Chicago Fed President Sees Inflation Risk from Iran War Complicating 2026 Rate Cuts

Austan Goolsbee warns that rising energy costs could push back the Federal Reserve's plans to lower interest rates.

Apr. 3, 2026 at 9:35pm

An abstract composition of overlapping triangles and rectangles in shades of dark gray, navy blue, and crimson red, conveying a sense of economic instability and uncertainty without using any literal financial symbols or text.Geometric abstraction reflects the complex economic forces at play as the fallout from the Iran war threatens to disrupt the Federal Reserve's plans for interest rate policy.Chicago Today

Austan Goolsbee, the president of the Federal Reserve Bank of Chicago, believes that the ongoing conflict in Iran is fueling inflation risks that could complicate the central bank's plans to cut interest rates in 2026. Goolsbee said that before the war, he was optimistic the Fed could lower rates multiple times this year, but the energy price shock has made that outlook more uncertain.

Why it matters

The Federal Reserve's ability to lower interest rates in 2026 is a key factor in the economic outlook, as rate cuts could help stimulate growth and offset the impact of high inflation.
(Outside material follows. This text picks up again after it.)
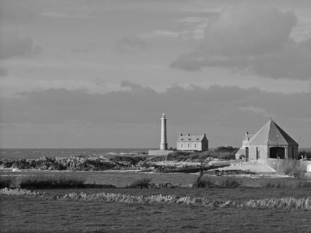 Un phare domine la mer, nuages au loin... la tempête est proche, tandis que des mouettes se baladent les pattes dans l'eau et qu'un couple d'amoureux se promène et se souvient, à Omaha Beach. Pas d'artifices : les photos sont le reflet de la réalité, soulignée et accentuée tout au plus.

Goolsbee's warning that the Iran war is complicating this plan suggests the path forward for monetary policy is becoming more uncertain.

The details

Goolsbee told CBS News that the Iran war and resulting rise in oil and fuel prices have "complicated the picture" on interest rates. Prior to the conflict, he believed the Fed could cut rates multiple times in 2026, but now thinks that may not happen until 2027 "at the earliest" if inflation does not improve. The Fed left rates unchanged in March due to economic uncertainty from the war, though policymakers still expected one rate cut in 2026. However, the continued surge in energy costs has led private economists to pare back their forecasts for rate cuts this year.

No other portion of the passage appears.